───── EXERCISE DATA

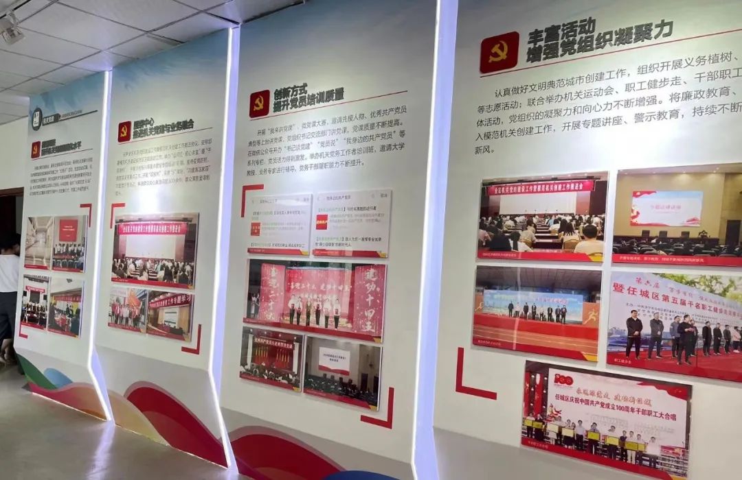 任城區(qū)黨史陳列館含走進(jìn)任城篇、古韻任城篇、紅色任城篇、富強(qiáng)任城篇、幸福任城篇、美麗任城篇及黨的十九大精神專題展覽等七大展廳。其中紅色任城篇和幸福任城篇以“站起來(lái)”“富起來(lái)”“強(qiáng)起來(lái)”“美起來(lái)”等多板塊介紹了中國(guó)共產(chǎn)黨領(lǐng)導(dǎo)人民在革命、建設(shè)和改革各個(gè)歷史時(shí)期所走過(guò)的光輝歷程,在社會(huì)主義現(xiàn)代化建設(shè)不同階段取得的一個(gè)又一個(gè)勝利。
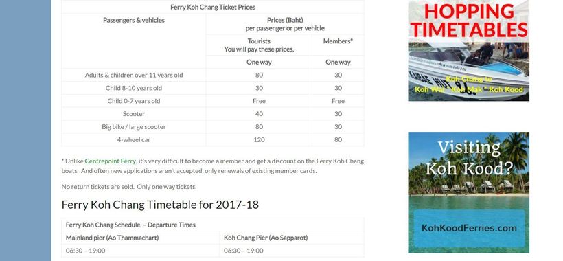Заправок по пути довольно много, так что пользоваться зажигалкой (как в старой советской рекламе «Таврии») вряд ли потребуется. :) В самом конце пути придется совершить морской круиз (хоть и короткий) на пароме. Перевозки осуществляет компания Ko Chang Ferry. Вот скриншот с её официального сайта:
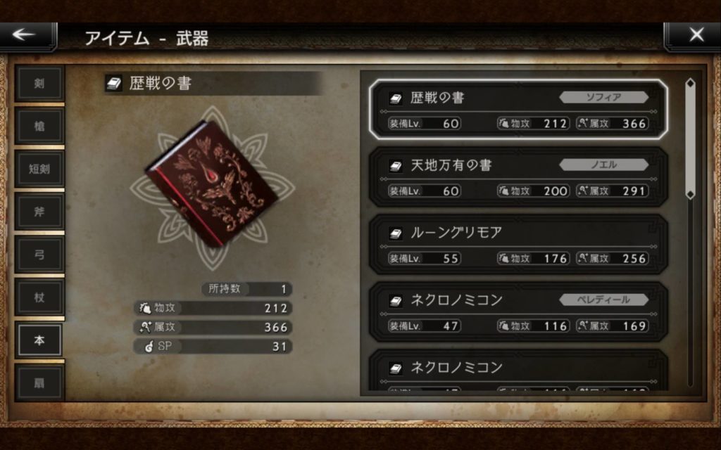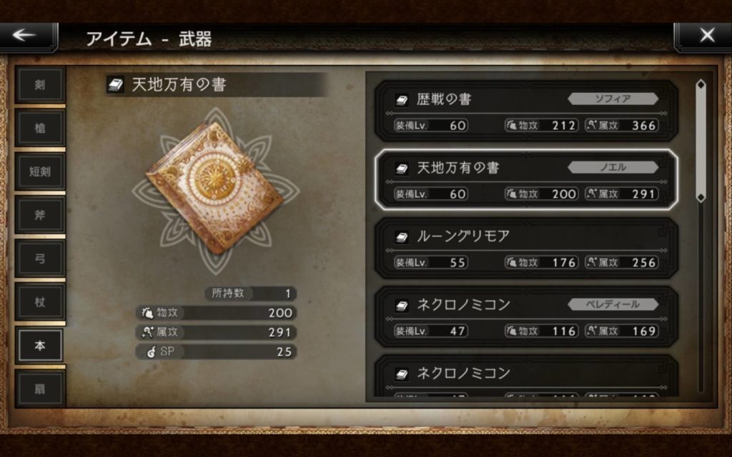 同レベル帯の歴戦の書を除くと現状最強武器の天地万有の書との比較です。

──────────

All the lines above are to be reproduced exactly, except the pictures.

ANSWER AREA
 任城區(qū)黨史陳列館含走進(jìn)任城篇、古韻任城篇、紅色任城篇、富強(qiáng)任城篇、幸福任城篇、美麗任城篇及黨的十九大精神專題展覽等七大展廳。其中紅色任城篇和幸福任城篇以“站起來(lái)”“富起來(lái)”“強(qiáng)起來(lái)”“美起來(lái)”等多板塊介紹了中國(guó)共產(chǎn)黨領(lǐng)導(dǎo)人民在革命、建設(shè)和改革各個(gè)歷史時(shí)期所走過(guò)的光輝歷程,在社會(huì)主義現(xiàn)代化建設(shè)不同階段取得的一個(gè)又一個(gè)勝利。
Заправок по пути довольно много, так что пользоваться зажигалкой (как в старой советской рекламе «Таврии») вряд ли потребуется. :) В самом конце пути придется совершить морской круиз (хоть и короткий) на пароме. Перевозки осуществляет компания Ko Chang Ferry. Вот скриншот с её официального сайта:
 同レベル帯の歴戦の書を除くと現状最強武器の天地万有の書との比較です。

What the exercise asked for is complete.